I googled a little and realised that I could use the poppler-utils (called just poppler on homebrew) to split and re-unite the PDFs. I wrote the following small bash script to do so:

#!/bin/bash
for i in $(seq 1 2 10)
do
  pdfseparate -f $i -l $((i + 1)) Scan.pdf Part-$i-%03d.pdf
  pdfunite Part-$i-*.pdf Part-$i.pdf
  rm Part-$i-*.pdf
done

What we are doing here is the following: Our PDF (called Scan.pdf) is 10 pages long and we want to separate it into five documents of two pages each. So we create a loop that iterates starting at 1 up to 10 in increments of two.

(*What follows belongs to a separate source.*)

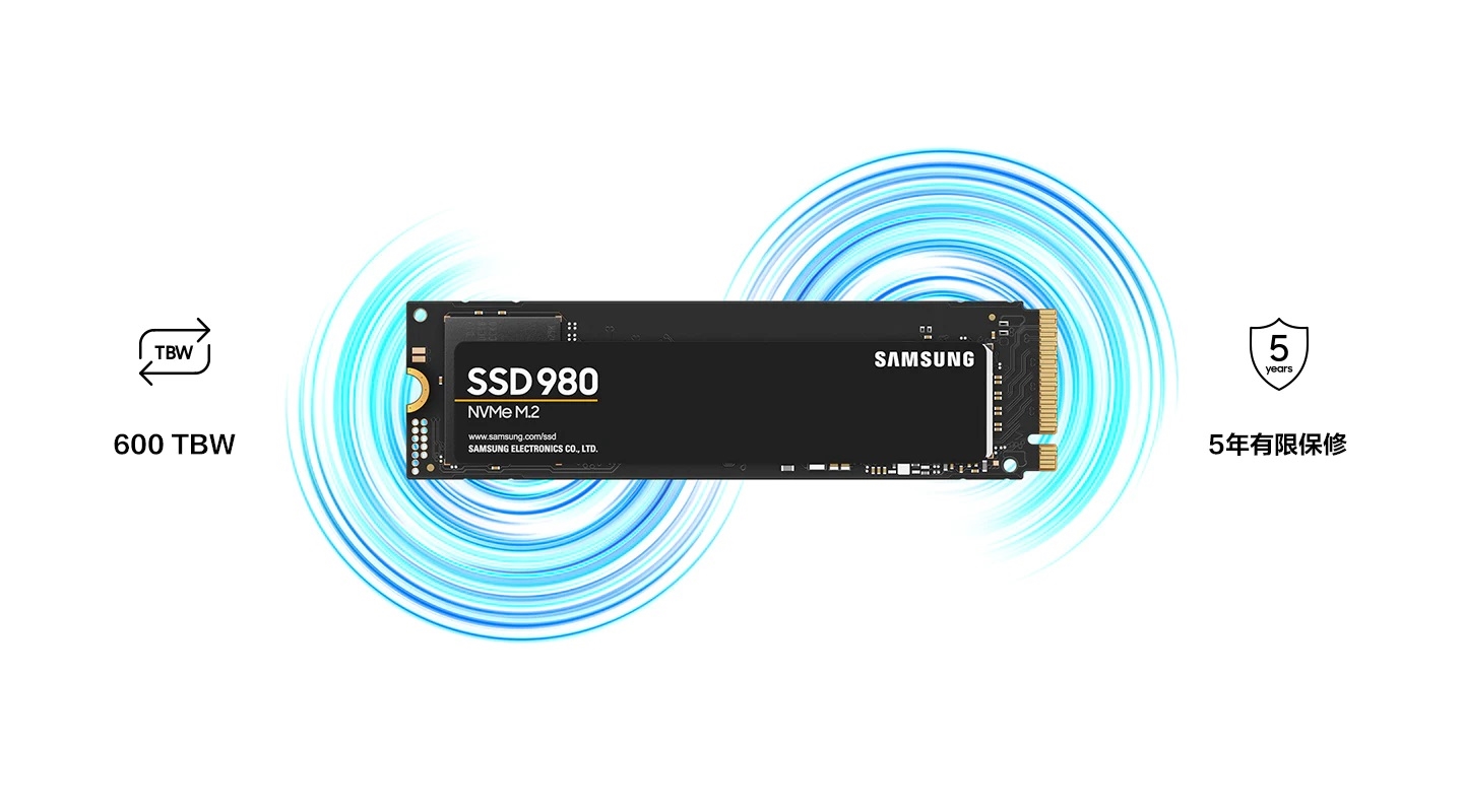 三星980 SSD是标准的M.2 2280形态,单面设计,支持PCIe 3.0 x4、NVMe 1.4,容量可选250GB、500GB、1TB,持续读写速度最高3.5GB/s、3.0GB/s,随机读写速度最高500K IOPS、480K IOPS。

pdfseparate is passed the start page with -f and the end page with -l. So in the first iteration it will start at page 1 and end at page 2. What pdfseparate does is it creates one new PDF for each page in the original document. It does so by creating a new file that has the page number wherever you provide the %d in the last argument. So in our case after the first iteration we will have two documents: Part-1-001.pdf and Part-1-002.pdf.

Since we only have one-paged documents now we need to pair them up again. To do that we use the fact that the parts that belong together start with the same string (being Part-<n>-). So we call pdfunite and tell it to merge all documents that match the Pattern Part-<n>-*) and combine them into a new document that is just called Part-<n>.pdf.

Finally we delete the intermediate PDFs. Note that this would also delete all other PDFs that match the pattern in your current working directory so make sure that you did not have any do begin with.

Finally in our example we will end up with 5 new documents of two page each: Part-1.pdf, Part-3.pdfPart-9.pdf. We could now go on to rename those again so that they aren’t only odd-numbered but I did not really care this time. One could also use pdfinfo to get the page count of the original document so that it does not need to be hardcoded in the seq but this worked well enough for the task at hand. 🚀